■ **GIVEN ENTRIES**
──────

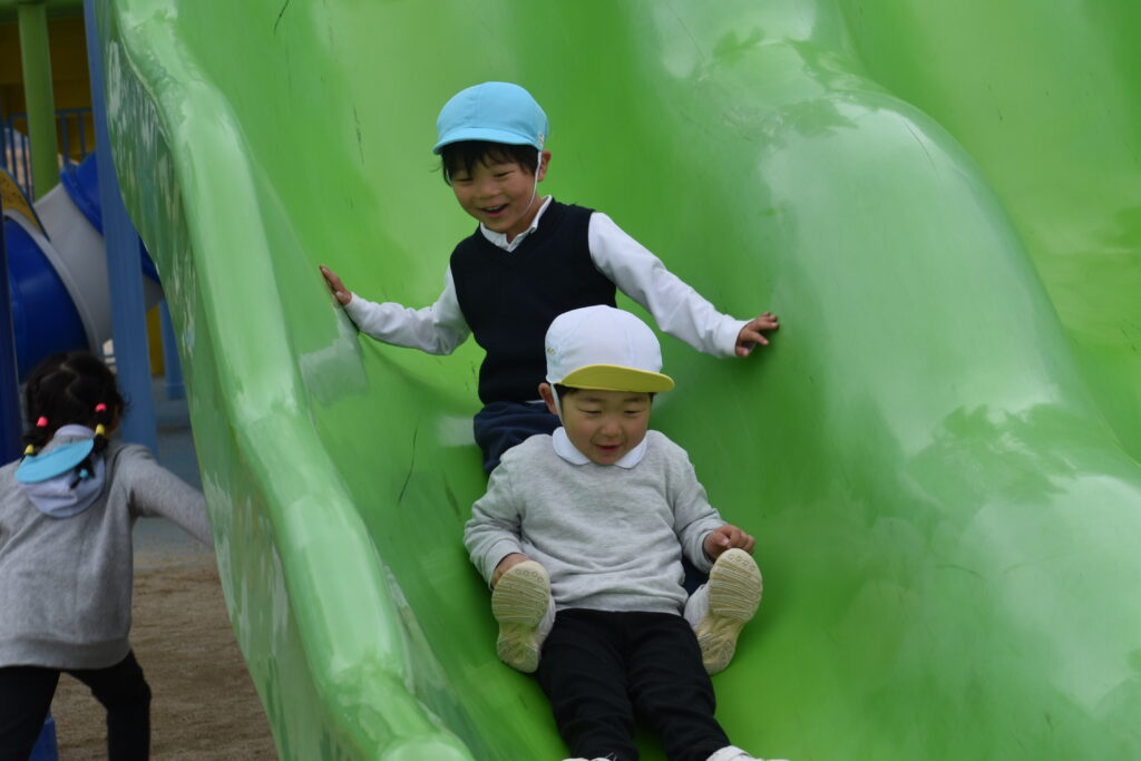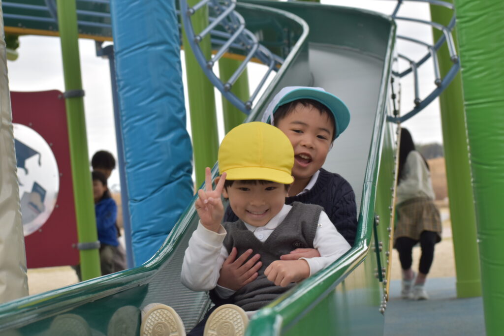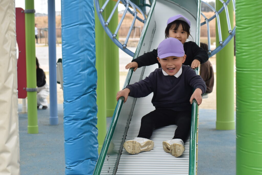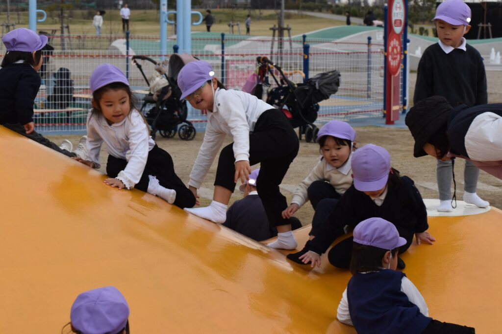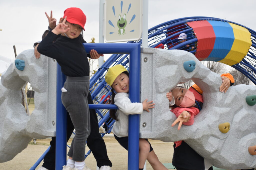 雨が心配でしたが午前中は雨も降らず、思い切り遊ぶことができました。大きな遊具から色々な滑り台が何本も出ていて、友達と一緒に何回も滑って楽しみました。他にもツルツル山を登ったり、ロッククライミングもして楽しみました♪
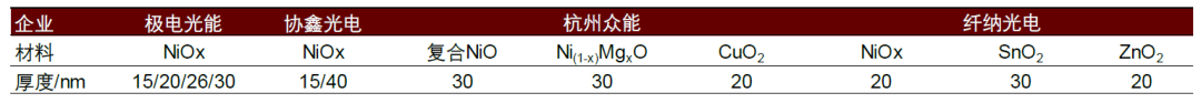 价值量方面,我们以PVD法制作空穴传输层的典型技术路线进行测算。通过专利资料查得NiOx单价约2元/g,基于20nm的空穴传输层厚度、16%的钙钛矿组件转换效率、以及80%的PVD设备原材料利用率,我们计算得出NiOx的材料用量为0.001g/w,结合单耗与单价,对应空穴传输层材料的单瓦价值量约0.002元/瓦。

──────

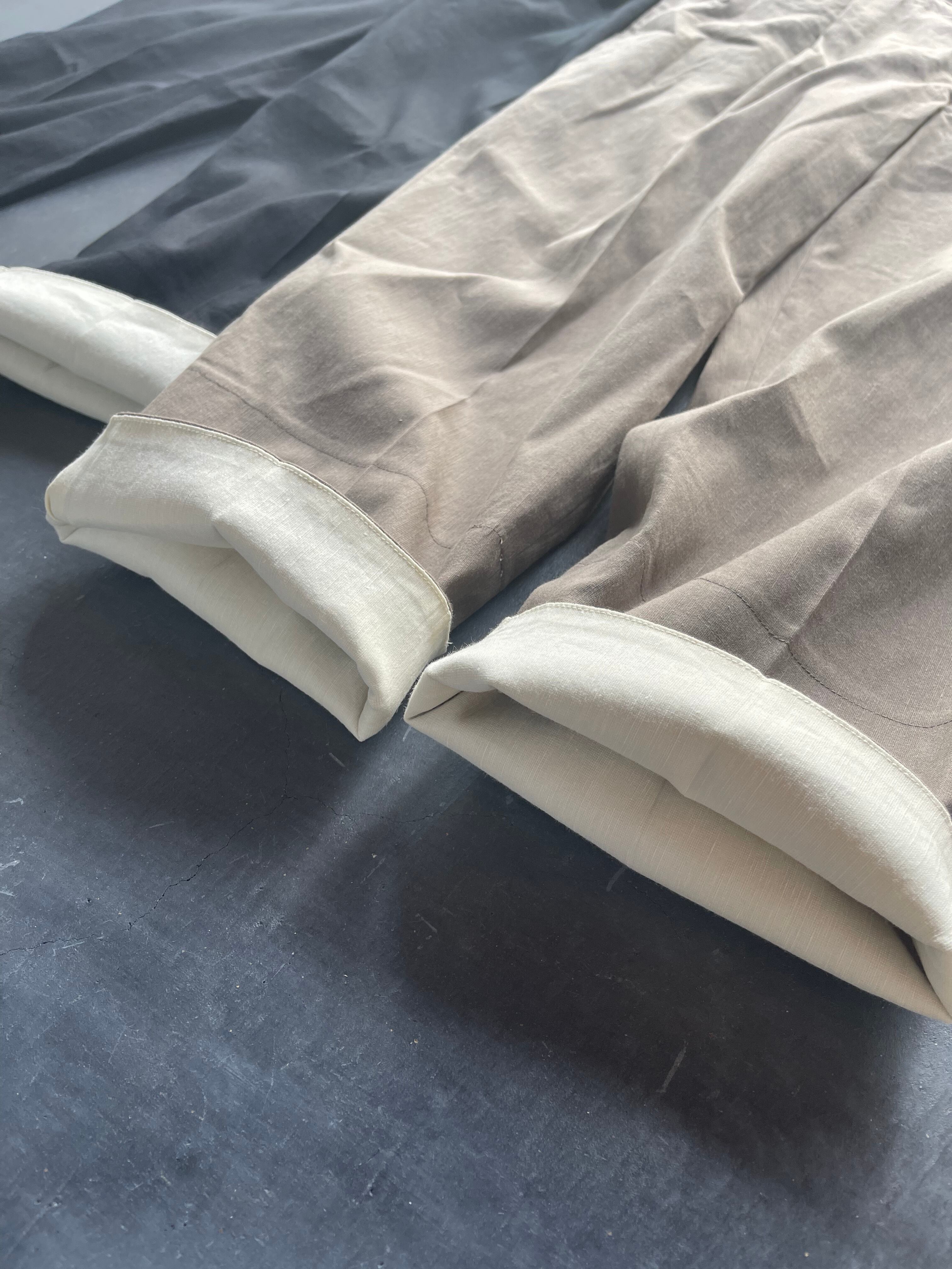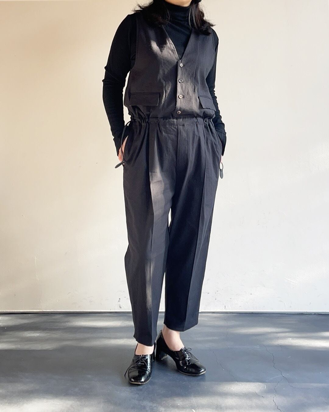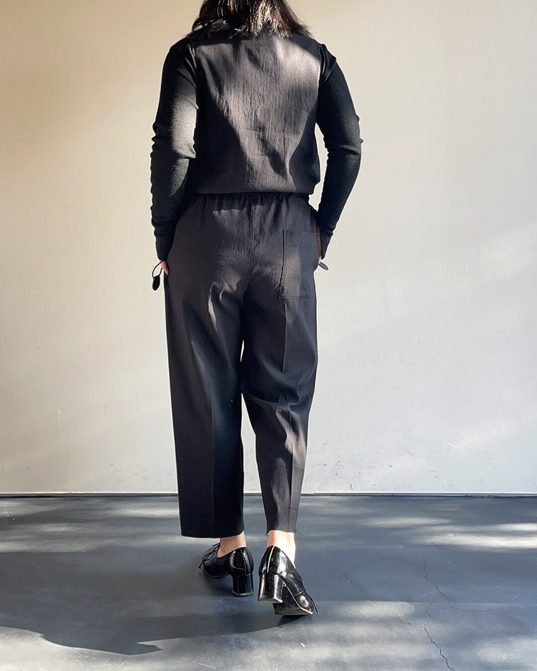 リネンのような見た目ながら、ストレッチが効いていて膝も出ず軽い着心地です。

──────

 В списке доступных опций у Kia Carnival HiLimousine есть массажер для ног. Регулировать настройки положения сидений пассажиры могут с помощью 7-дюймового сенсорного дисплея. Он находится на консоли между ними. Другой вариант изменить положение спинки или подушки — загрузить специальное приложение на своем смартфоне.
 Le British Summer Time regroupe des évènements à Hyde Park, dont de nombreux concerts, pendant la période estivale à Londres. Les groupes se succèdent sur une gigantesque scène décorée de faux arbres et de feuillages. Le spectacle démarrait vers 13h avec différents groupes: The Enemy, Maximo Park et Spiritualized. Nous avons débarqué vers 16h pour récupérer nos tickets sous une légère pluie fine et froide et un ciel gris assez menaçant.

──────

As listed above, the lines from the line with "В списке доступных" to the line with "Le British Summer" are to be echoed exactly, with both ends included and nothing added.

■ **RESULT OF THE EXERCISE**
 В списке доступных опций у Kia Carnival HiLimousine есть массажер для ног. Регулировать настройки положения сидений пассажиры могут с помощью 7-дюймового сенсорного дисплея. Он находится на консоли между ними. Другой вариант изменить положение спинки или подушки — загрузить специальное приложение на своем смартфоне.
 Le British Summer Time regroupe des évènements à Hyde Park, dont de nombreux concerts, pendant la période estivale à Londres. Les groupes se succèdent sur une gigantesque scène décorée de faux arbres et de feuillages. Le spectacle démarrait vers 13h avec différents groupes: The Enemy, Maximo Park et Spiritualized. Nous avons débarqué vers 16h pour récupérer nos tickets sous une légère pluie fine et froide et un ciel gris assez menaçant.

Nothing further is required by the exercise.